Easter salmon is the most expensive since midsummer last year.
On Friday, farmed salmon was traded for EUR 6.9 again. It is the first time since the fairly short-lived price spike in June last year.
The price level is surprisingly high, for several reasons.
The Horeca segment (hotel, restaurant and catering .ed) is largely still closed in a wide variety of countries. The purchases are run by low-cost grocery chains. On top of this, the market leader Norway’s salmon exports have increased by 25 per-cent in volume so far this year.
This points in a clear direction: the demand for salmon is strong.
And there are many drivers.
Salmon is not alone in showing a rising price trend.
Rainbow trout, a close substitute for salmon, is now catching high prices. The last export price, according to the Norwegian Seafood Council, was EUR 6.1 per kilo (in week 11). It’s close to doubling its price of the late summer last year.

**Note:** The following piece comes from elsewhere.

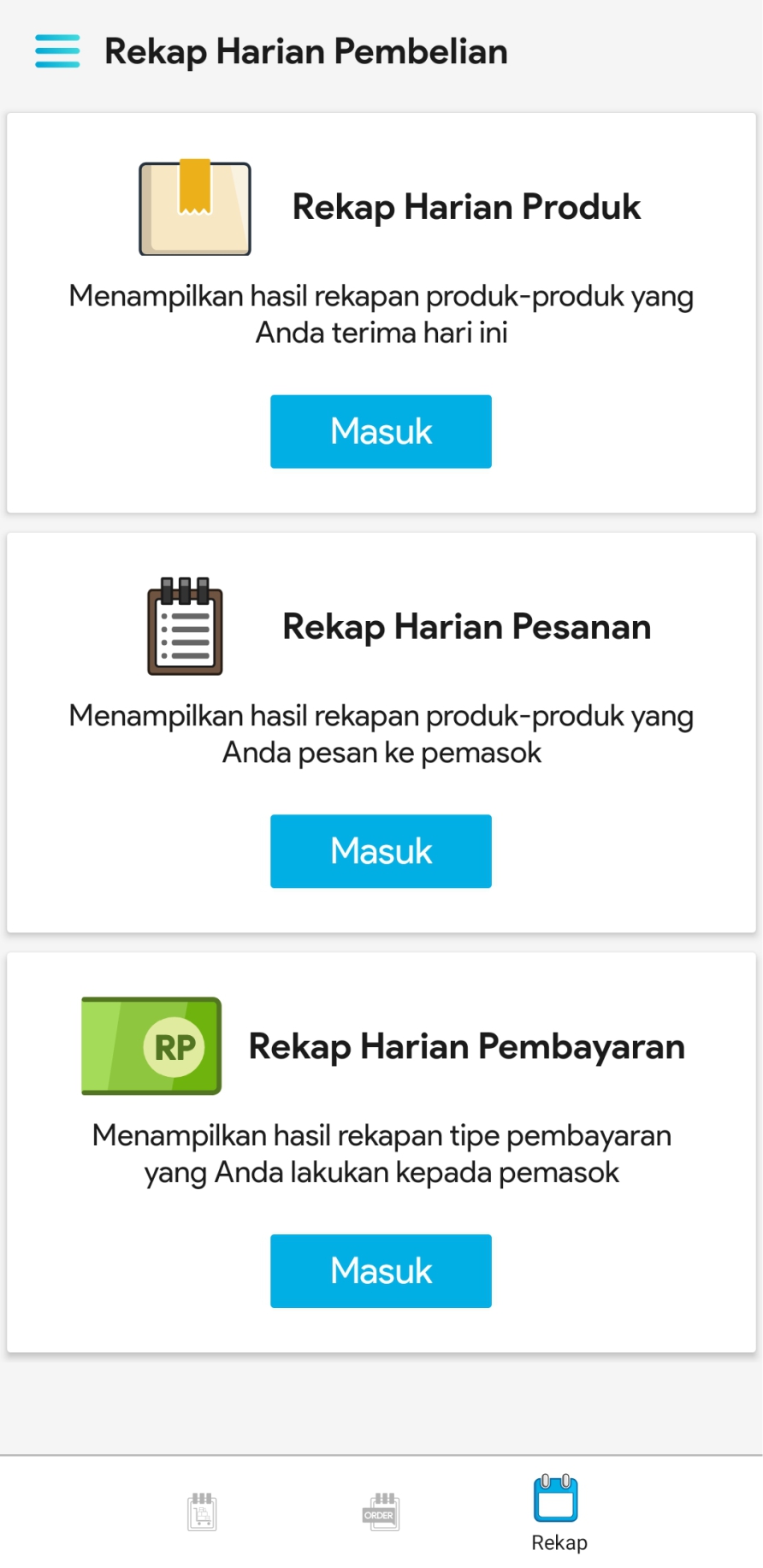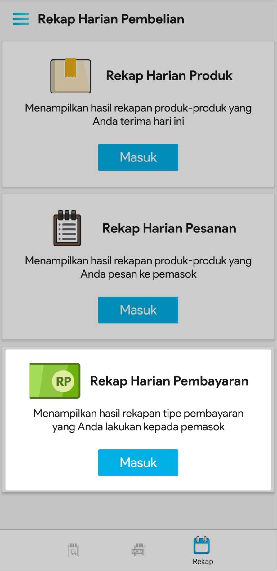 3. Pilih Masuk di bagian Rekap Harian Pembayaran

At a time when many players are betting that the pandemic will gradually let up, there is a huge demand for many raw materials. Oil, copper, aluminium, iron ore, soy, wheat, corn and fertiliser, to name a few, have all risen sharply on the world’s commodity exchanges. That’s also the case for shipping rates for both raw materials and finished goods.

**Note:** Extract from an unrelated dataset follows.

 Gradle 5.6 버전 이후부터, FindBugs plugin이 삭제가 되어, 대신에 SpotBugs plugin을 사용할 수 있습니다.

For many months both for salmon, trout and coho, Chile’s frozen stock has put negative pressure on prices. Severe austerity on international air traffic has presented major logistical challenges to Chilean salmon farmers. Many have chosen to freeze fish, for shipping or in anticipation of better times.
In November last year, Mowi estimated at 55,000-65,000 tonnes, almost double of what hit Norway during the so-called “Salmon mountain” the early 1990s. However, the inventories are not larger than a few weeks’ harvest volume in Norway. Now the Chileans have a golden opportunity to get rid of the entire freezer at a decent price.
Close to the price peak
Land-based salmon has received a lot of media attention in recent months, but an expected harvest volume in 2021 of just over 24,000 tonnes has no real impact on price formation. Land-based salmon is, for so long, a supplement, not a competitor to sea-based salmon.
But how will prices evolve in the future?
The listing of “bid” and “offer” at the Fish Pool salmon exchange suggests that we are close to the price peak in this round. According to the Fish Pool forward curve, salmon prices in the second, third and fourth quarters will be EUR 5.8, EUR 5.2 and EUR 5.5 respectively.